Join @stevecase @rossbaird @DubGkc on March 18 at @HUBSaltLake to support #entrepreneurs https://t.co/e4uKZMDAs3
— Village Capital (@villagecapital) March 9, 2016
The program, called VilCap Communities, is organized by D.C.-based investment firm Village Capital, who point out that nationally, investment dollars are concentrated in New York, Boston and the Bay Area.
“We’ve always found it pretty hard to believe 70-75 percent of the talent lives in those cities,” VilCap Communities manager Jared Marquette told our sister site, Technical.ly Baltimore.
It’s a point that was frequently made by AOL founder Steve Case on his Rise of the Rest tour, during which he highlighted tech scenes across the country, including Philly’s, last summer. Case’s Rise of the Rest initiative is a partner on the VilCap program.

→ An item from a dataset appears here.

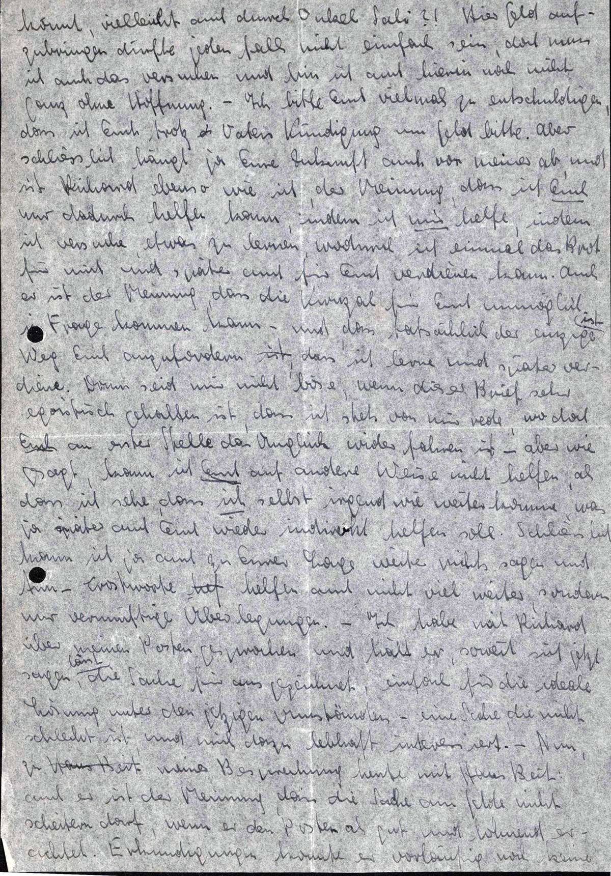 könnt, vielleicht auch durch Onkel Sali?! Hier Geld aufzubringen dürfte jedenfalls nicht einfach sein, doch muss ich auch das versuchen und bin ich auch hierin noch nicht ganz ohne Hoffnung. - Ich bitte Euch vielmals zu entschuldigen, dass ich Euch trotz Vaters Kündigung um Geld bitte. Aber schliesslich hängt ja Eure Zukunft auch von meiner ab, und ist Richard ebenso wie ich, der Meinung, dass ich Euch nur dadurch helfen kann, indem ich mir helfe, indem ich versuche, etwas zu lernen, wodurch ich einmal das Brot für mich und später auch für Euch verdienen kann. Auch er ist der Meinung, dass die Kwuzah für Euch unmöglich in Frage kommen kann - und, dass tatsächlich der einzige Weg Euch anzufordern, dass ich lerne und später verdiene. Drum seid mir nicht böse, wenn dieser Brief sehr egoistisch gehalten ist, dass ich stets von mir rede, wo doch Euch an erster Stelle das Unglück widerfahren ist - aber wie gesagt, kann ich Euch auf andere Weise nicht helfen, als dass ich sehe, dass ich selbst irgendwie weiterkomme, was ja später auch Euch wieder indirekt helfen soll. Schliesslich kann ich ja auch zu Eurer Lage weiter nichts sagen und tun - Trostworte helfen auch nicht viel weiter, sondern nur vernünftige Überlegungen. - Ich habe mit Richard über meinen Posten gesprochen und hält er, soweit sich jetzt sagen lässt, die Sache für ausgezeichnet, einfach für die ideale Lösung unter den jetzigen Umständen - eine Sache, die nicht schlecht ist, und mich dazu lebhaft interessiert. - Nun zu meiner Besprechung heute mit Hans Beit: auch er ist der Meinung, dass die Sache am Gelde nicht scheitern darf, wenn er den Posten als gut und lohnend erachtet. Erkundigungen konnte er vorläufig noch keine

Local partners in 16 cities, including Philadelphia (with BFTP), Baltimore (with Johns Hopkins) and D.C. (with tech inclusion strategist Jason Towns), will run the program. In Philly, the program will focus on fintech startups, since BFTP has been seeing more and more fintech startups applying for BFTP dollars. (Baltimore is focusing on health, while D.C. is focusing on inclusive entrepreneurship.) One startup will get a $50,000 investment from BFTP when the program ends. Village Capital isn’t contributing any investment dollars.
BFTP is still working out the details, but essentially it will choose a cohort of startups to participate in the VilCap incubator and at the end of that program, the startups themselves will choose who gets the $50,000 investment. (That’s Village Capital’s trademark “peer-investment” model.)
It’s about investing in local startups, yes, but Bannon said it’s more about joining a network of growing tech scenes, about “building a national network of support.” It’s easy to think that your own city’s challenges are unique, but that’s often not the case. That’s certainly what we’ve seen in covering tech scenes in the Northeast, as well as on our Tomorrow Tour: young tech scenes face the same issues, whether it’s lack of funding or a struggle to build a regional identity.